● What you have to do: Your output should match the listing below word for word, without any images.

● Data below:
*** Begin section ***

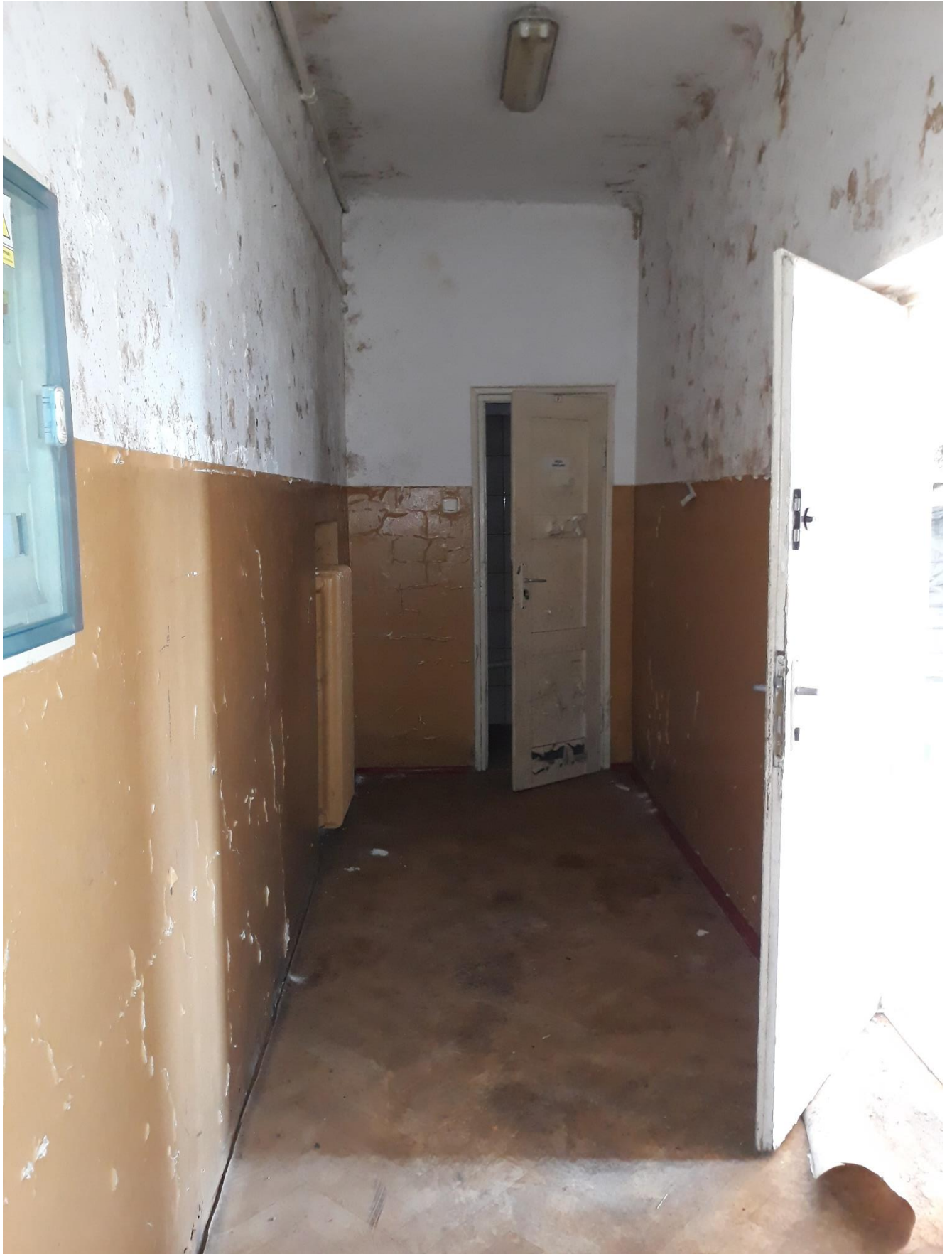
fot.19 Widoczne uszkodzenia i złuszczenia wypraw wewnętrznych
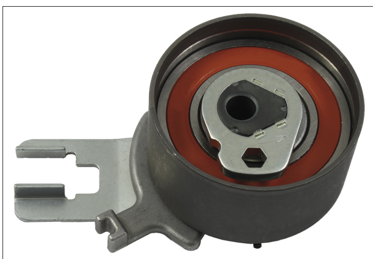
Рисунок 1: Новый натяжной ролик 531 0859 10

В указанных автомобилях, натяжной ролик 531 0515 10 (рис. 2) может использоваться в некоторых вариантах двигателей.

*** End section ***

● Answer section:
fot.19 Widoczne uszkodzenia i złuszczenia wypraw wewnętrznych
Рисунок 1: Новый натяжной ролик 531 0859 10

В указанных автомобилях, натяжной ролик 531 0515 10 (рис. 2) может использоваться в некоторых вариантах двигателей.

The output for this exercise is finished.